No jasmine here. |
I’ve put the blogging on hold to focus on a reporting trip up North in Beijing (more to follow on that front), and during my hiatus, there’s been plenty of Chinopoly-worthy material to report on: China’s government has unveiled its newest five-year plan, President Obama has nominated a new ambassador to China… But all of this seems to be overshadowed by the largest pseudo-event in China’s recent history: China’s great Jasmine Revolution.
China’s Jasmine Revolution started with a tweet. And then another. Where were these tweets coming from? China? Taiwan? A basement in Palo Alto (as one Beijing-based journalist publicly wondered)? Nobody seemed to know (but there’s a rundown of events here). It didn’t matter. China’s security apparatus was all over it, and it wasn’t going to allow any peep, bleep, or tweet about revolution go by the wayside. The tweets asked people to take strolls in the busiest shopping districts of several major Chinese cities on Sunday afternoon–a time when people typically take strolls in the busiest shopping districts of their cities. It was either an incredibly stupid or genius plan, depending on how you looked at it: Stupid, because nobody would be able to gauge how large these ‘protests’ were. Genius, for largely the same reason: the police wouldn’t figure out who the protesters were.
None of these events attracted the throngs of protesters who showed up in the Spring of 1989 at Tiananmen Square or ten years later during protests by followers of Falun Gong. As we’ve reported in past weeks, China’s economy, while definitely suffering minor bumps and bruises lately, is much healthier than the economies of Tunisia, Egypt, and Libya. Many Chinese know this, and they don’t want to do anything to put their economy at risk (even if they do catch wind of a protest–you need a VPN client to access Twitter in China). Thus, China’s Jasmine Revolution has been reduced to throngs of jittery police showing up at the designated spots each Sunday facing off with dozens of foreign journalists. Instead of a story about Chinese citizens being the victims of brutal crackdowns, the story has become one of journalists getting roughed up, their rights trampled on. In sum, foreign correspondents in China, instead of covering the Chinese, are now covering themselves. A logical conclusion, perhaps, from a revolution whose reflection was first spotted in the look-at-me-look-at-me hall of mirrors of Twitter.
So where’s the real revolution? I caught a glimmer of it the other day while trolling my favorite Chinese blogs.
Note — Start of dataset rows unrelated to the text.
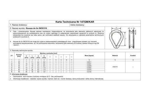 - Kausza kwasoodporna , nierdzewna , stosowana jako elementy pętlowych zakończeń lin.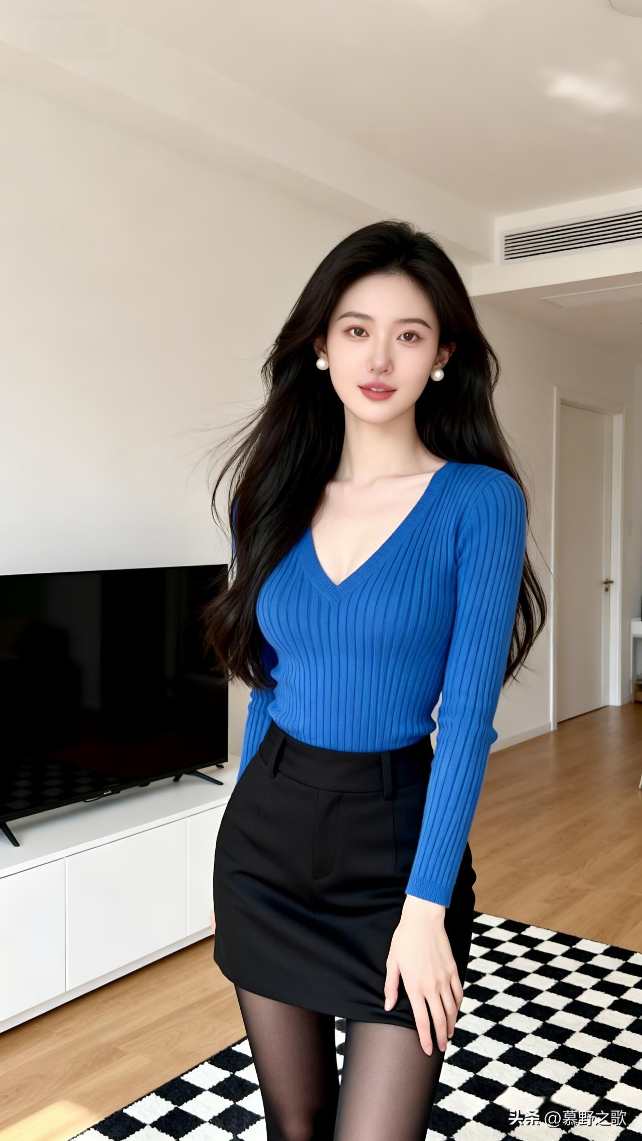 阳光落在黑白格地毯上时,我轻提黑裙裙摆,蓝衫的纹理顺着肩颈蔓延,像把天空的澄澈织进了衣料。珍珠耳坠在颈侧轻响,和客厅的暖光撞出温柔的光晕。 想起昨天写的爆款文案里,反复提到“色彩对比的张力”。此刻站在客厅里才懂,高级感从不是单一的色调,而是蓝衫的冷与黑裙的稳,是珍珠的柔与格纹的飒,是愿意为自己花时间的认真。今天不赶进度,就做自己生活里的主角,把所有美好都定格在帧里。 美女人像群 蓝色系穿搭 高级感穿搭 客厅拍照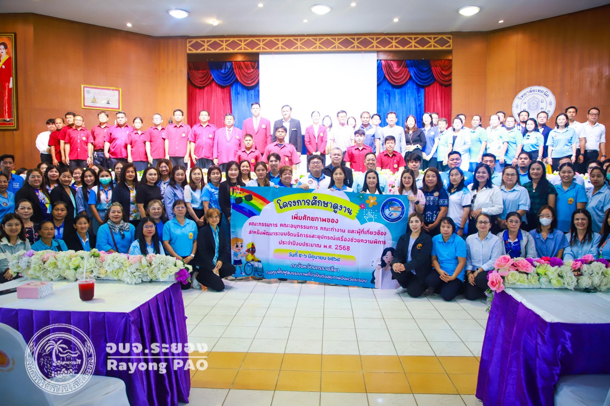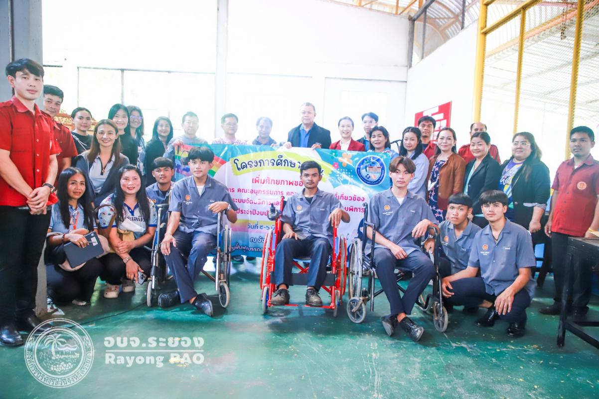 วันที่ 6 มิถุนายน 2568 นพ.สุนทร เหรียญภูมิการกิจ ผู้เชี่ยวชาญด้านงานสาธารณสุข อบจ.ระยอง พร้อมด้วย นายสุริยัน สกุลศิริไพบูลย์ ผจก.กลุ่มภารกิจ หลักประกันสุขภาพแห่งชาติ เขต 6 ระยอง คณะกรรมการ คณะอนุกรรมการ คณะทำงาน ตัวแทนหน่วยบริการ ตัวแทนองค์กรปกครองส่วนท้องถิ่น ตัวแทนคนพิการ ภาคีเครือข่าย และผู้เกี่ยวข้อง จำนวน 150 คน เข้าศึกษาดูงาน ณ จังหวัดนครราชสีมา ฟังบรรยาย เรื่อง การบูรณาการขับเคลื่อนงานศูนย์ซ่อมอุปกรณ์เครื่องช่วยความพิการในชุมชนของวิทยาลัยเทคนิคหลวงพ่อคูณ ปริสุทโธ และเยี่ยมชม การบูรณาการศูนย์ซ่อมอุปกรณ์เครื่องช่วยความพิการในชุมชนของวิทยาลัยเทคนิคหลวงพ่อคูณ ปริสุทโธ ศูนย์ซ่อมดังกล่าวได้ดำเนินการเปลี่ยนชิ้นส่วนอุปกรณ์เครือข่ายสำหรับคนพิการ เช่น ซ่อมรถวิลแชร์ รถสามล้อโยก วอกเกอร์ ไม้ค้ำยัน เตียงผู้ป่วย หรืออุปกรณ์อื่นที่จำเป็นสำหรับคนพิการไปยังพื้นที่ต่างอำเภอ ตลอดจนเป็นสถานที่ฝึกประสบการณ์และทักษะในการช่อมอุปกรณ์คนพิการให้กับนักเรียน นักศึกษา โดยมุ่งเน้นให้คนพิการ ผู้สูงอายุ ผู้ป่วยระยะกลาง

If you’ve got five minutes, check out this video that’s received more than a million hits.
It’s security camera footage of an attempted bank robbery outside the port city of Tianjin. The robber’s persistence is both haunting and comical; it reminds me of the Cohen Brothers’ portrayal of Anton Chigurh, the hitman antagonist in their adaptation of Cormac McCarthy’s No Country for Old Men.
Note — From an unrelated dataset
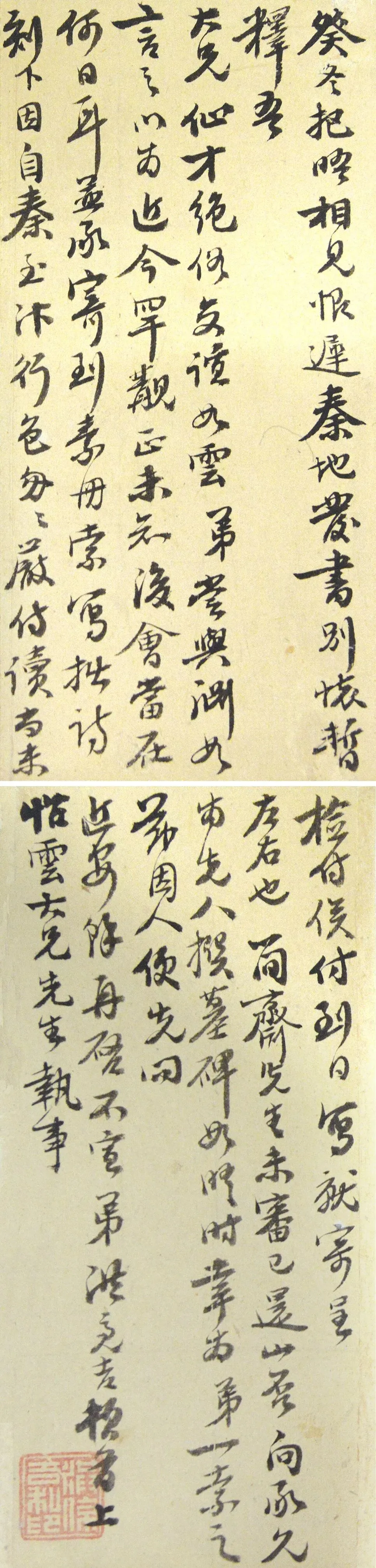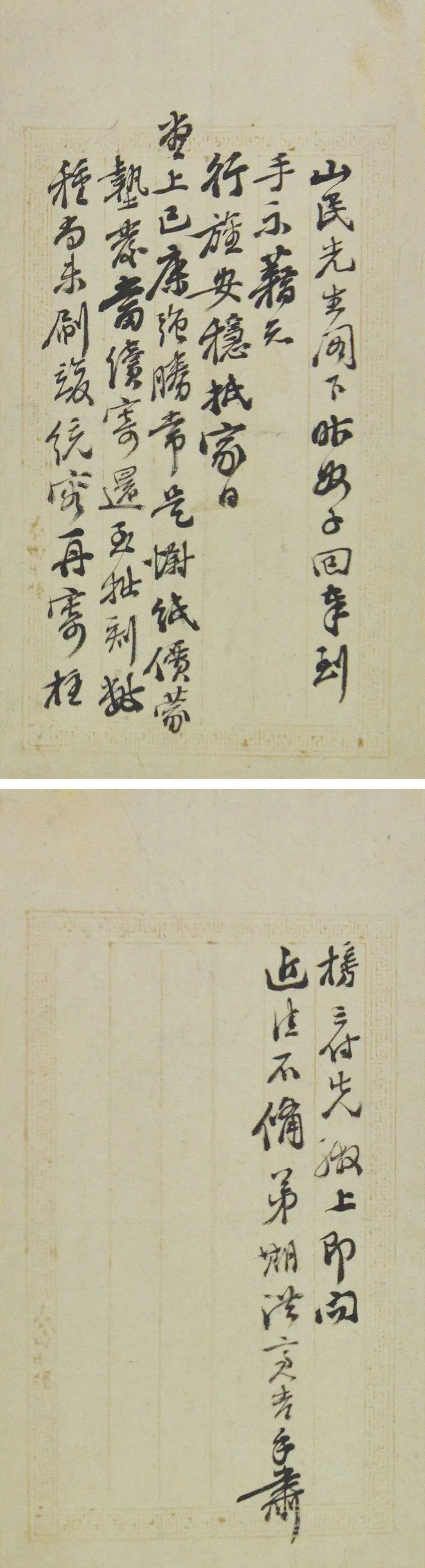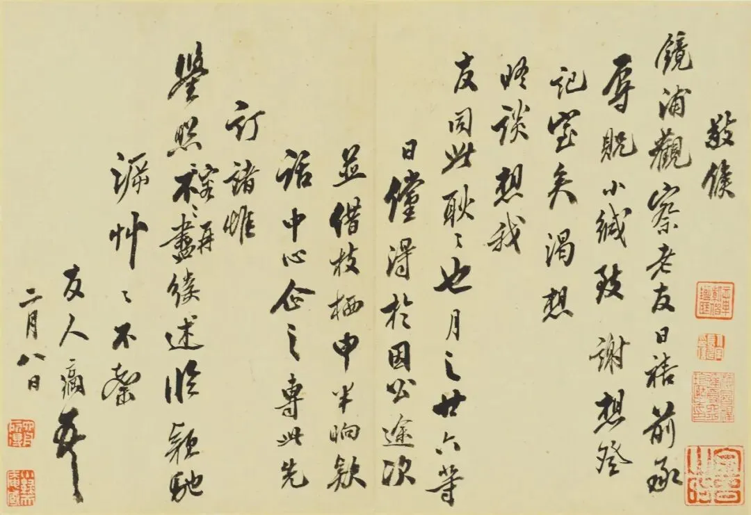 所谓“药洲图”,在一定程度上可以说是翁方纲的宦迹图。乾隆三十七年(1772)正月二十九日,翁方纲抵京,与钱大昕、钱载(1708~1793)等文人开始诗画酬答、金石雅集,忙得不亦乐乎。当时,翁方纲开始邀请文友题咏《药洲图》,故钱大昕所言“《药洲》卷留敝斋多时,尚未题就”即指此事。乾隆三十八年(1773)三月,翁方纲充补《四库全书》纂修官,九月授翰林院编修。乾隆三十九年(1774)七月十一日,时任翰林院侍讲学士、詹事府少詹事的钱大昕充河南乡试正考官,翁方纲赋诗《送辛楣典试河南》赠行。九月一日,钱大昕授广东学政,并于十月二十七日抵达广州。一前一后,翁方纲、钱大昕先后赴任药洲学署,倒是有趣。也在同年稍后的秋冬间,钱大昕的侄子钱坫(1744~1806)南下,翁方纲赋诗赠行并注“适以粤东学使廨《药洲图》属献之篆首也,时令叔辛楣视学在彼,献之将往省之”:男儿得名早,此际保谦难。入洛无肩比,冲霄好羽翰。今谁定文字,仆独好讥弹。人海三年梦,江头试忆看。临别留题卷,纵横大篆能。方当寻铉锴,且莫傲斯冰。惠氏前师在,珠江故事征。说经吾八载,力未一毫胜。从札中“《邑志》则在南中,未携至”判断,钱大昕尚在京师,故此札应书于乾隆三十七年二月至乾隆三十九年七月之间,为钱、翁两人日常的文事酬应。乾隆四十年六月后,钱大昕返里丁父母忧,从此不再复出。他主要是为《药洲图》卷的题跋之事书写一二,而提及朱彝尊《竹垞集》和某邑志等信息,乃为翁方纲借书之简单回复,都是翰林院文士之间的雅事。大概因为另有约请题咏,翁方纲索还《药洲图》时,钱大昕却仍在构思之中,深表歉意。结合翁方纲邀钱坫篆首之举,钱大昕撰写此书札或许也在乾隆三十九年出都前的早些时候。但文献显示,钱大昕事后可能没有再为《药洲图》卷题跋。劳树棠(1739~1816),原名瑾,字宝琳,号镜浦,山东阳信人。乾隆四十九年(1784)进士,授兵部车驾司主事,转职方司员外郎、武选司郎中,历官江南监察御史、江南河库道、直隶通永河道、江南苏松粮道等,为官廉洁,颇有政声。前承辱贶小缄,致谢,想登记室矣。渴想晤谈,想我友同此耿耿也。月之廿六等日,倘得于因公途次,并借枝栖中,半晌款话,中心企之。专此先订,诸惟鉴照,(不尽)容再缕述。临颖驰溯,草草不罄。清代名人中以“镜浦”为字号者,大致有二,一为劳树棠,二为毛辉祖(1709~1774)。毛辉祖,字镜浦,又字乃行,号敬园,山东历城人。乾隆十年(1745)进士,选翰林院庶吉士,历福建道、广东道监察御史,湖南学政,转礼科给事中,升太常寺少卿等。观察,在明清时期是对“道台”的尊称。道主要负有监察性质,有分守道和分巡道之分,还有一些不属布政、按察二司管辖的道,如海关道、管河道、督粮道、盐法道等。结合毛氏仕官履历,所谓“镜浦观察”肯定不是毛辉祖。至于劳树棠,《江苏省通志稿职官志》卷一七记载,嘉庆三年(1798)九月十三日授江南河库道,次年九月病免;嘉庆九年(1804)十月十八日调苏松督粮道,嘉庆十四年(1809)八月休致。两任江苏期间,他于嘉庆五年(1800)复官直隶通永道,管理河道事务。可以确定,翁方纲书致劳树棠称呼“观察”,应在嘉庆三年(1798)九月之后。《翁方纲年谱》记载,嘉庆六年(1801)二月二十七日,京察引见,已届古稀的翁方纲因年老奉旨以原品并往裕陵守护,三月十二日自京起程,三日后抵达遵化马兰峪。可以判断,“倘得于因公途次”应该便是“裕陵守护”。三年后的二月十七日,翁方纲则奉命以原品休致回籍。因此,翁方纲致信劳树棠即在嘉庆六年二月八日,或许京察尚未确定,只是相告大概。因途经通州,他预约借宿、晤谈之事,实为友朋之间的寒暄之语。黄易(1744~1802),字大易,号小松、秋盦、秋影庵主等,浙江仁和(今杭州)人。承家学,年少即喜金石之学,善诗文,工书画,尤精篆刻,名重一时。初为监生,随幕多年,乾隆五十四年(1789)十月,署兖州运河道同知,寻实授防河卫曹,后转济宁运河道同知。公务之余,遍访群碑,著有《小蓬莱阁金石文字》《小蓬莱阁金石目》《小蓬莱阁诗钞》等。蒋因培(1768~1839),字伯生,号辛峰,江苏常熟人。乾隆四十九年(1784)以国子监生应顺天乡试,始知名。入赀为县丞,嘉庆二年(1797)权费县巡检,补阳谷县丞,累署汶上、金乡、峄、滕、高密、巨野知县,嘉庆二十三年(1818)任齐河知县,嘉庆二十五年(1820)因忤上被劾,遣戍军台,未逾年释回,间游豫楚闽粤,晚岁掇拾剩稿,辑为《乌目山房诗存》。不晤数旬,渴怀已甚。昨承华翰,惠以名画,不特真且笔墨妙绝,割爱见贻,感佩何极,谢谢!至吾兄南行之期一定,定必过济,当写书信奉托,藉可快叙以慰渴想。弟抱孙实切欣幸,远承雅爱,何以克当,谨谢谢。楚氛未了,得豫中来信知,新野山中逃避千人,以致中州戒严,河帅即在汴城弹压,渊如似未能即返也。此候近祉,并谢不备。乾隆六十年(1795)闰二月五日,黄易母亲梁瑛卒于济宁,享年八十九岁。已任山东济宁运河道同知的黄易丁忧辞官,夏间携眷扶柩南返。嘉庆元年(1796)二月,他再次北上,嘉庆二年(1797)五月服阕,被临时借用捕河,至嘉庆四年(1799)十一月再仕运河同知。自任运河道以来的十年,黄易访碑、交游、艺术创作臻于鼎盛。薛龙春根据《何琪致黄易札》考证,黄易有孙一,曰黄珍,生于嘉庆元年三月。所谓“弟抱孙实切欣幸,远承雅爱,何以克当,谨谢谢”,即是指黄易喜添男孙,回应蒋因培的祝

Who is this guy? We don’t know. He might have been a farmer, a factory worker, unemployed, or, like Chigurh, a sociopath. What’s clear is that he wants money, and he’s willing to work hard to get it, at great risk to others, but mostly to himself. Like the rest of the have-nots in China, perhaps he’s so desperate he’s reached the point of no return. The price of food, property, energy, everything–is going up in China, putting more pressure on those who haven’t been able to secure a seat on China’s economic bullet train. This man is hungry for money, like much of China. And he’s not taking part in a mass movement. He’s trying to solve his problem his own way. If a critical mass of those left behind ever reaches this level of desperation, that’s when a real revolution may begin.